Spectrum-Informed Multistage Neural Networks: Multiscale Function Approximators of Machine Precision

TL;DR

This work tackles the challenge of achieving machine-precision regression in scientific machine learning by introducing Spectrum-Informed Multistage Neural Networks (SI-MSNN). By initializing the first-layer Fourier feature embedding with the target's dominant Fourier modes and leveraging residue learning across multiple stages, the method mitigates spectral bias and aligns learning with NTK directions, enabling rapid convergence. In 1D and 2D turbulence settings, SI-MSNN reaches $O(10^{-16})$ precision and closely matches the target function along with its spectral power spectrum, significantly outperforming scale-factor baselines. The approach offers a promising path toward precision physics-informed ML and high-fidelity multiscale PDE solvers.

Abstract

Deep learning frameworks have become powerful tools for approaching scientific problems such as turbulent flow, which has wide-ranging applications. In practice, however, existing scientific machine learning approaches have difficulty fitting complex, multi-scale dynamical systems to very high precision, as required in scientific contexts. We propose using the novel multistage neural network approach with a spectrum-informed initialization to learn the residue from the previous stage, utilizing the spectral biases associated with neural networks to capture high frequency features in the residue, and successfully tackle the spectral bias of neural networks. This approach allows the neural network to fit target functions to double floating-point machine precision $O(10^{-16})$.

Figures (3)

• Figure 1: ($a$) Target function $u_g(x, y)$ for a 2-D regression problem. ($b$) Errors of neural networks with the target function $u_g$ after different stages of training using the original multi-stage neural networks (MSNNs) where the scaling factor was used to mitigate the spectral biases of the network training. The 3rd-stage residue reaches $O(10^{-8})$. ($c$) Errors after different stages of training using spectrum-informed initialization for both weights and biases of the network, which reaches $O(10^{-13})$ by the 3rd stage of training.
• Figure 2: (a) Target function $\psi(x, y)$, a single time snapshot of the numerical solution of the stream function for the 2D incompressible Navier-Stokes equations \ref{['eq:nse1']} and \ref{['eq:nse2']} with Re = 2000. (b--e) The residues after each of the four stages of training, which are the target functions for the next stages.
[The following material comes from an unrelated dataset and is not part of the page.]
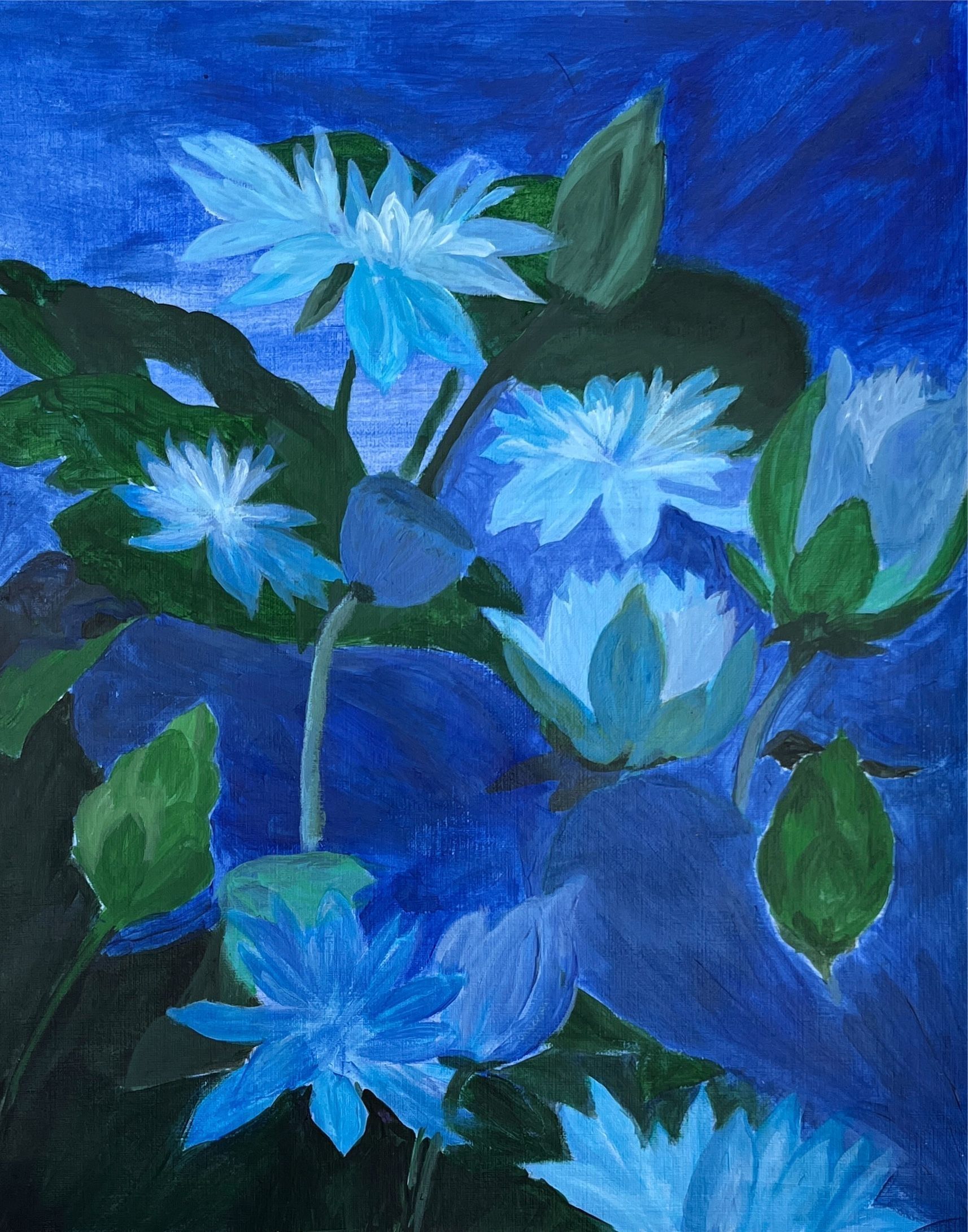 SF Senior Center - Mei Jing Zhu - Quiet Night on the Lotus Pond - 11x14 Acryl on pap - Selected

After four stages, the residue has approached machine precision $O(10^{-16})$. (g) Result of the Spectrum-Informed Multistage Neural Network (SI-MSNN) with four stages of training. (h--j) The spectral domain of each of the residues.
• Figure 3: Left: A comparison of the power spectrum of the 2D Navier-Stokes example in Fig. \ref{['fig:multistage-results']} given by a single-stage SI-MSNN and a four-stage SI-MSNN, each with three hidden layers of width 30. The single-stage SI-MSNN has first layer width $n_f = 10000$. The first stage of the four-stage SI-MSNN has first layer width $n_f = 1359$, based on the number of primary Fourier modes present, and the remaining stages all have first layer width $n_f = 10000.$ Right: The loss convergence of a single-stage SI-MSNN compared to a four-stage SI-MSNN, where training terminates when machine precision is reached.